Students Have No 4th Amendment Rights Administrators Are Bound To Acknowledge

gizmodo |  In May 2016, a student enrolled in a high-school in Shelbyville, Texas, consented to having his phone searched by one of the district’s school resource officers. Looking for evidence of a romantic relationship between the student and a teacher, the officer plugged the phone into a Cellebrite UFED to recover deleted messages from the phone. According to the arrest affidavit, investigators discovered the student and teacher frequently messaged each other, “I love you.” Two days later, the teacher was booked into the county jail for sexual assault of a child.

The Cellebrite used to gather evidence in that case was owned and operated by the Shelby County Sheriff’s Office. But these invasive phone-cracking tools are not only being purchased by police departments. Public documents reviewed by Gizmodo indicate that school districts have been quietly purchasing these surveillance tools of their own for years.

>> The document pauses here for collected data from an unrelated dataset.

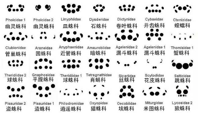 附:蜘蛛目部分科眼列示意图,已翻译好请放心食用。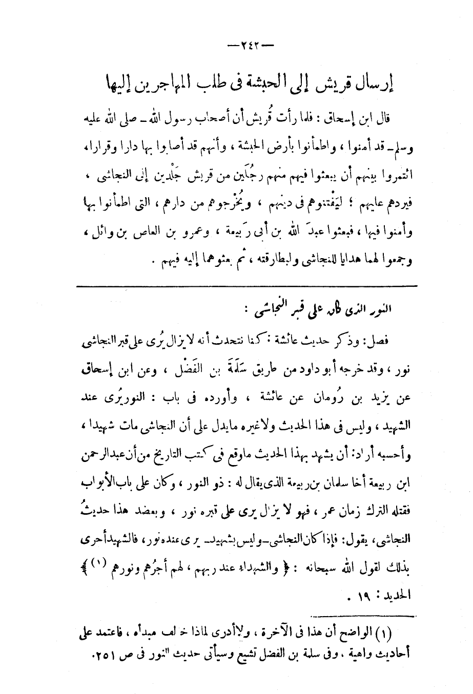 فَصْلٌ: وَذَكَرَ حَدِيثَ عَائِشَةَ: كُنّا نَتَحَدّثُ أَنّهُ لَا يَزَالُ يَرَى عَلَى قَبْرِ النّجَاشِيّ نُورٌ، وَقَدْ خَرّجَهُ أَبُو دَاوُدَ مِنْ طَرِيقِ سَلَمَةَ بْنِ الْفَضْلِ، وَعَنْ ابْنِ إسْحَاقَ عَنْ يَزِيدَ بْنِ رُومَانَ عَنْ عَائِشَةَ، وَأَوْرَدَهُ فِي بَابِ: النّورُ يُرَى عِنْدَ الشّهِيدِ، وَلَيْسَ فِي هَذَا الْحَدِيثِ وَلَا غَيْرِهِ مَا يَدُلّ عَلَى أَنّ النّجَاشِيّ مَاتَ شَهِيدًا، وَأَحْسَبُهُ أَرَادَ: أَنْ يَشْهَدَ بِهَذَا الْحَدِيثِ مَا وَقَعَ فِي كُتُبِ التّارِيخِ مِنْ أن عبد الرحمن ابن رَبِيعَةَ أَخَا سَلْمَانَ بْنِ رَبِيعَةَ الّذِي يُقَالُ لَهُ: ذُو النّورِ، وَكَانَ عَلَى بَابِ الْأَبْوَابِ فَقَتَلَهُ التّرْكُ زَمَانَ عُمَرَ، فَهُوَ لَا يَزَالُ يُرَى عَلَى قَبْرِهِ نُورٌ، وَبِعَضُدِ هَذَا حَدِيثُ النّجَاشِيّ، يَقُولُ: فَإِذَا كَانَ النّجَاشِيّ- وَلَيْسَ بِشَهِيدِ- يُرَى عِنْدَهُ نُورٌ، فَالشّهِيدُ أَحْرَى بِذَلِكَ لِقَوْلِ اللهِ سُبْحَانَهُ: وَالشُّهَداءُ عِنْدَ رَبِّهِمْ، لَهُمْ أَجْرُهُمْ وَنُورُهُمْ «1» الحديد: 19.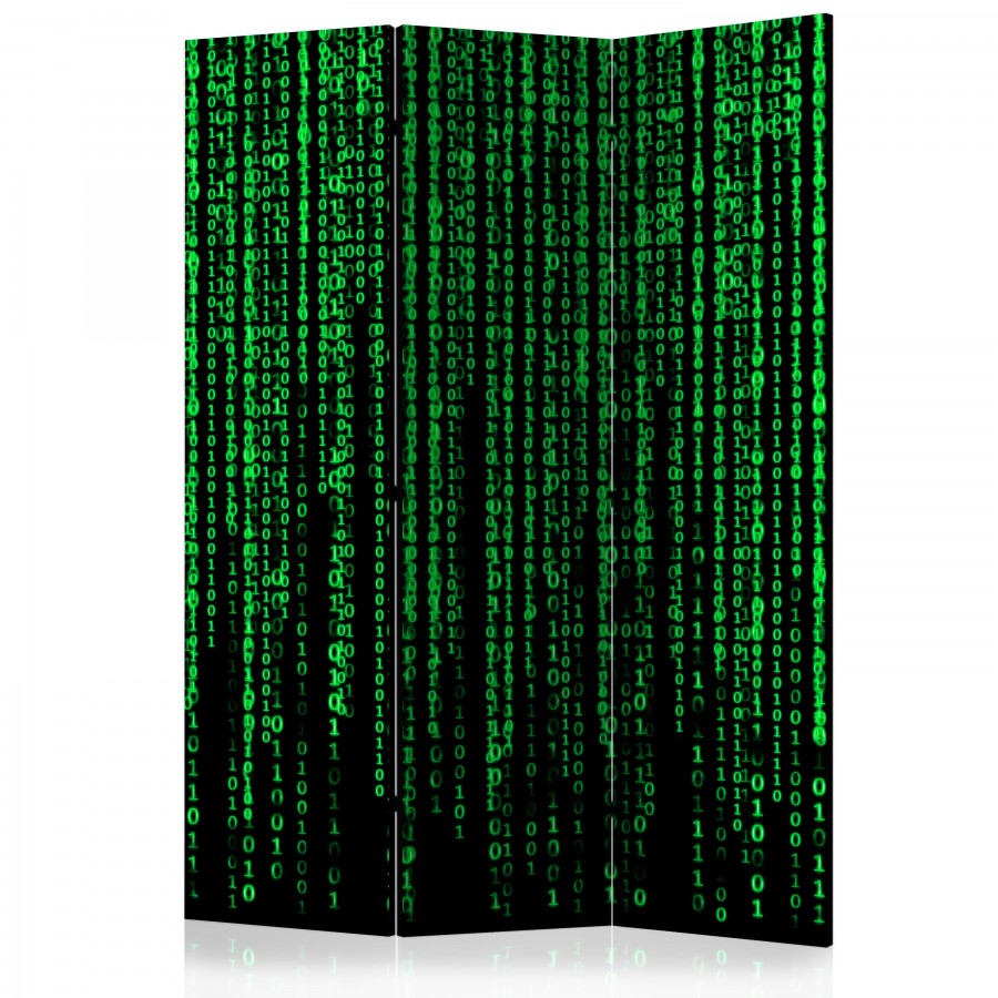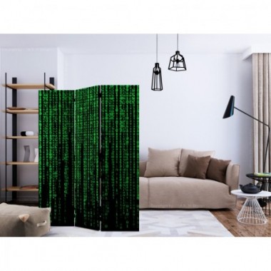 Separè decorativo "Paravento - Digital Rain [Room Dividers]" è la decorazione originale per gli interni arredati in stile moderno. Paravento di 3 pannelli fatto del telaio di legno e tela stampata su entrambi i lati non solo può dividere lo spazio ma anche creare un'arrangiamento unico nella stanza. Grazie all'alta qualità del prodotto e della stampa Full HD del disegno originale i separè da interni renderanno ogni stanza affascinante. Paraventi decorativi per interni sono un'idea perfetta per arredare la casa. Vale la pena menzionare le loro funzioni pratiche - separè per interni possono p.es. nascondere lo stendibiancheria. È una decorazione molto originale che si può usare sia negli appartamenti che in locali di servizi come saloni di parrucchiere o di bellezza, studi medici o ristoranti. Separè decorativo è ideale:Come un elemento decorativo o un elemento che divide gli spazi in casaIn un monolocale dividendo la zona giorno dalla zona notteIn camera da letto dove divide la zona notte dalla guardarobaNei boutique e saloni di bellezza - sia come un arrangiamento originale che lo spogliatoio!Per dividere lo spazio nella stanza dei bambiniIn grandi appartamenti e nei loft Dati tecnici Dimensioni delle parti:135x172: 45x172 45x172 45x172
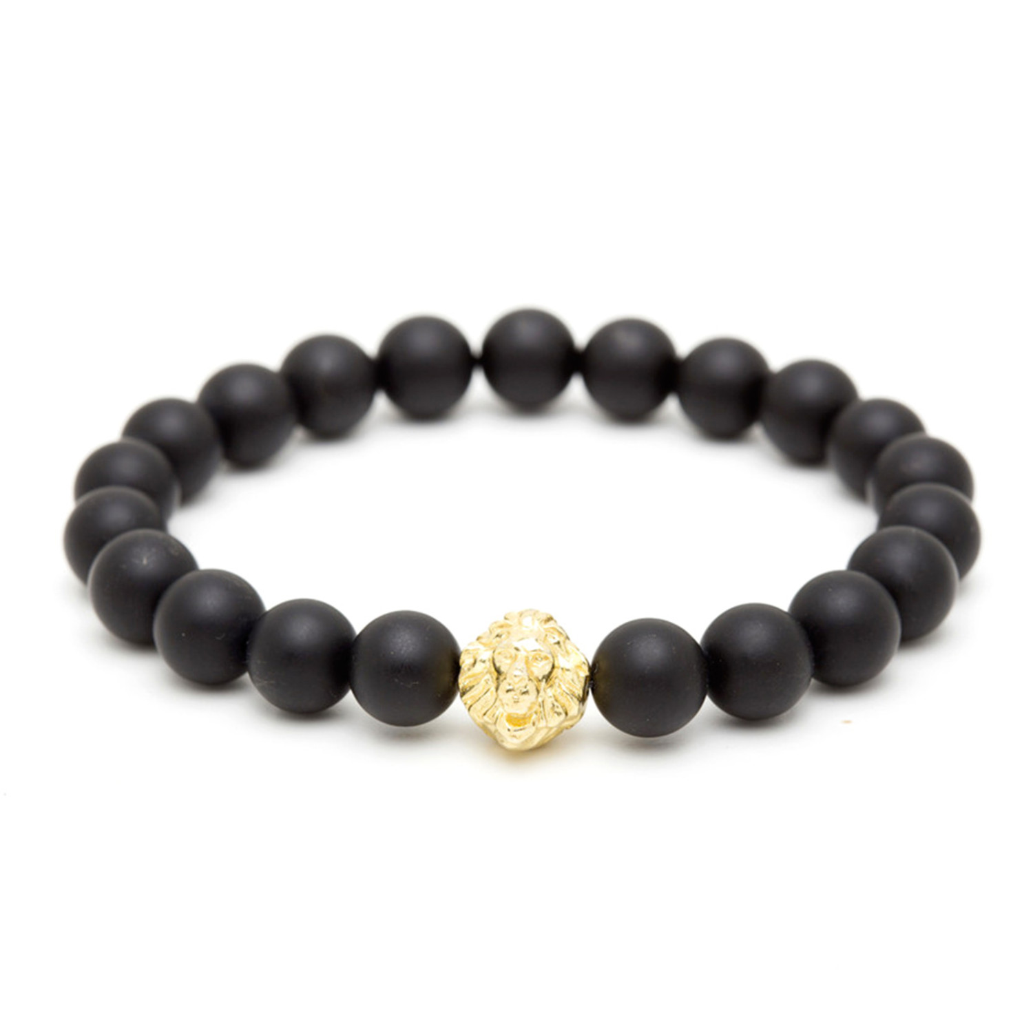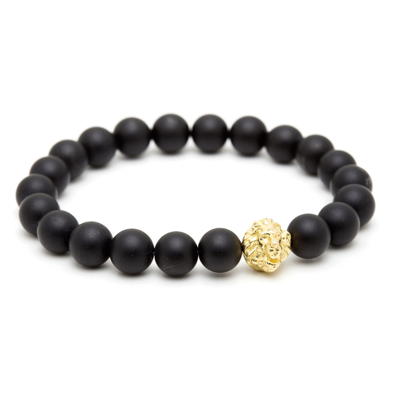 18kt Yellow Gold Head of Lion + Matte Onyx Charm Bracelet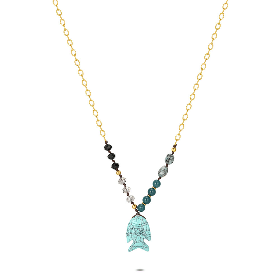 Collier en acier poli, poisson en pierre turquoise, avec différentes pierres vertes et noires.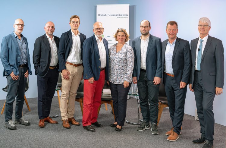 Laudatoren waren (Foto von links): Tobias Schwab (Ressortleiter Wirtschaft, Frankfurter Rundschau), Prof. Reint E. Gropp, Ph.D. (Präsident, Leibniz-Institut für Wirtschaftsforschung Halle), Sebastian Reimann (Chefredakteur, DVZ Deutsche Verkehrs-Zeitung), Claus Döring (ehem. Chefredakteur, Börsen-Zeitung), Sabine Wollrab (Chefredakteurin, Reuters), Niklas Wirminghaus (Leiter Digital, Capital), Ulric Papendick (Geschäftsführender Direktor, Kölner Journalistenschule), Volker Northoff (Kurator, Deutscher Journalistenpreis).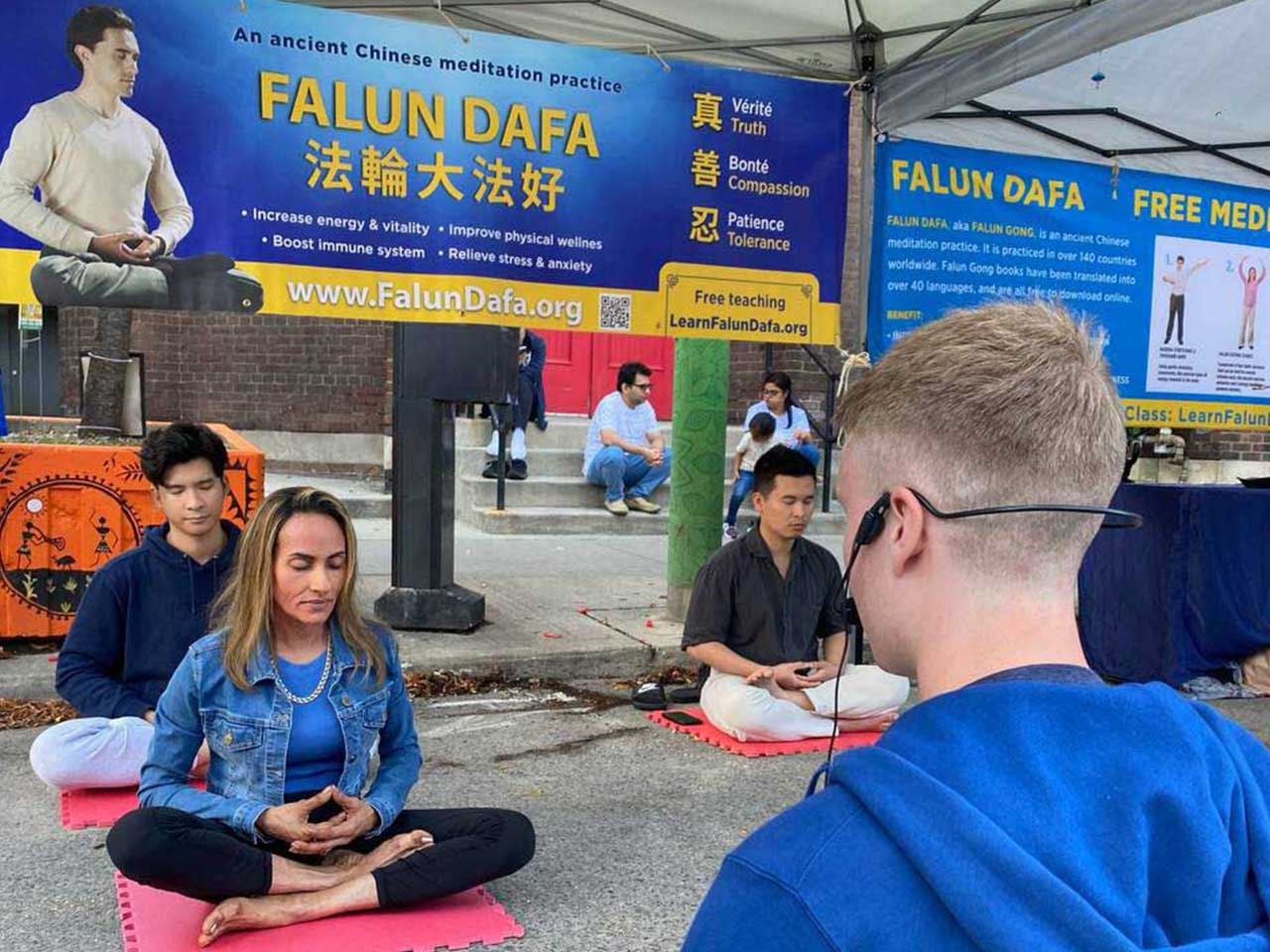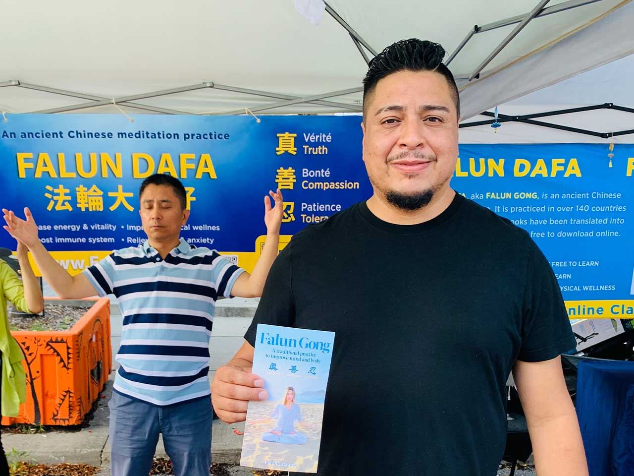 他说,“我之前就多次听说过法轮大法,还偶遇过户外炼功的学员。我对功法很感兴趣,尤其是打坐,所以一看到展位就想要来学。”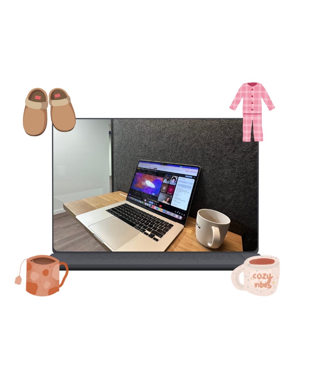 Coworking starter pack including focus candle, cozy blanket, slippers, and laptop accessories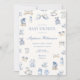 Celebrate the arrival of your little one in timeless style with this dusty blue Toile de Jouy baby shower invitation. Inspired by classic French countryside prints, this elegant design features hand-drawn illustrations of vintage baby essentials — a rocking horse, stroller, baby bottle, wash basin, socks, bow, and delicate florals — all arranged in a soft and charming pattern.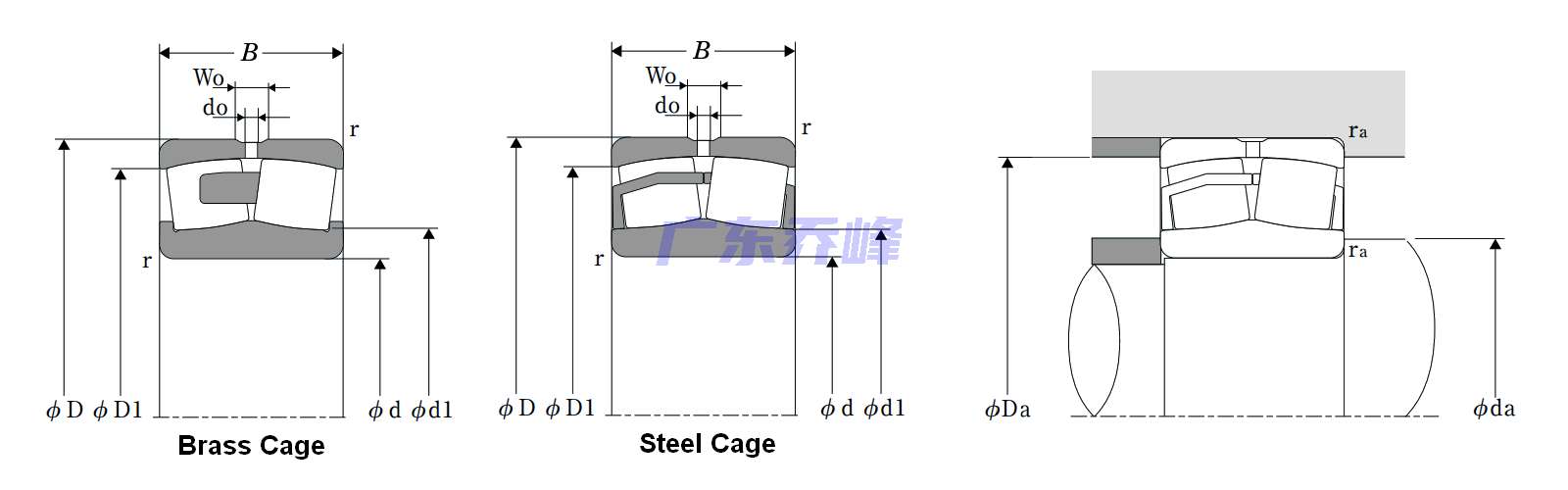 | 調(diào)心滾子軸承 - 圓柱孔&注油槽,223系列 - 尺寸 | |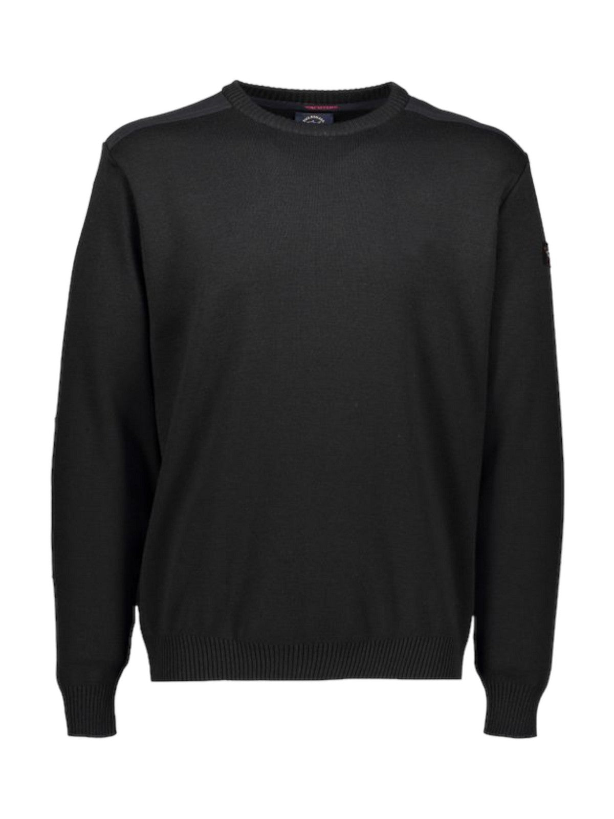 Maglione PAUL&SHARK in misto lana. Collo a giro e maniche lunghe con inserti in tessuto tecnico. Patch Paul&Shark Heritage sulla manica.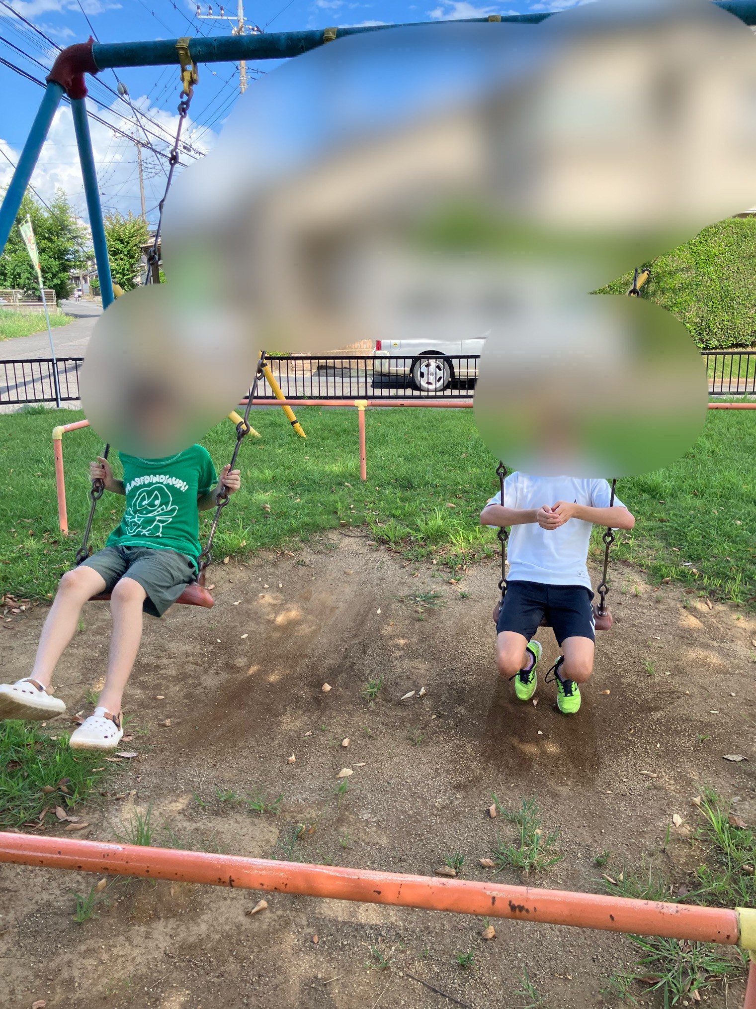 ブランコに乗ったり、バドミントンをしたり、蝉を見つけたり。

Gizmodo has reviewed similar accounting documents from eight school districts, seven of which are in Texas, showing that administrators paid as much $11,582 for the controversial surveillance technology. Known as mobile device forensic tools (MDFTs), this type of tech is able to siphon text messages, photos, and application data from student’s devices. Together, the districts encompass hundreds of schools, potentially exposing hundreds of thousands of students to invasive cell phone searches.

The Los Angeles Unified School District, the second-largest school district in the country with over 630,000 students enrolled in over 1,000 institutions in the 2018-2019 school year, has a Cellebrite device it says is used by a team that investigates complaints of employee misconduct against students. Its listed description for the job of Digital Forensics Investigator states, those with that role assist with “student safety issues, fraud, collusion, and/or conflicts of interest,” specifically mentioning expertise with Cellebrite as a qualification.

The Fourth Amendment protects people in the United States from unreasonable government searches and seizures, including their cell phones. While a search without a warrant is generally considered unreasonable, the situation in schools is a little different.

In the case New Jersey v. T.L.O, the U.S. Supreme Court ruled that schools do not necessarily need a warrant to search students so long as officials have a reasonable belief a student has broken the law or school policy, and the search is not unnecessarily intrusive and reasonably related in scope to the circumstances under which the search was originally justified. The “reasonableness” standard is extremely broad, largely deferential to the whims of school officials, and can serve as the basis for fishing expeditions; courts have only rarely ruled that school searches violate the Fourth Amendment.

“The problem is as much with the legal standards as with the technology,” said Barbara Fedders, an assistant professor of law at University of North Carolina at Chapel Hill, who focuses on the intersection of criminal law and school discipline. “Schools take student’s cell phones for all kinds of reasons, not because they think they are doing anything pernicious; you can see where racial bias could factor into this.”

Cell phones are deeply personal items, and it’s easy to imagine how embarrassing and potentially catastrophic it would be if an administrator or school resource officer used a Cellebrite to download students’ private text messages, photos, social media posts, location history, and more.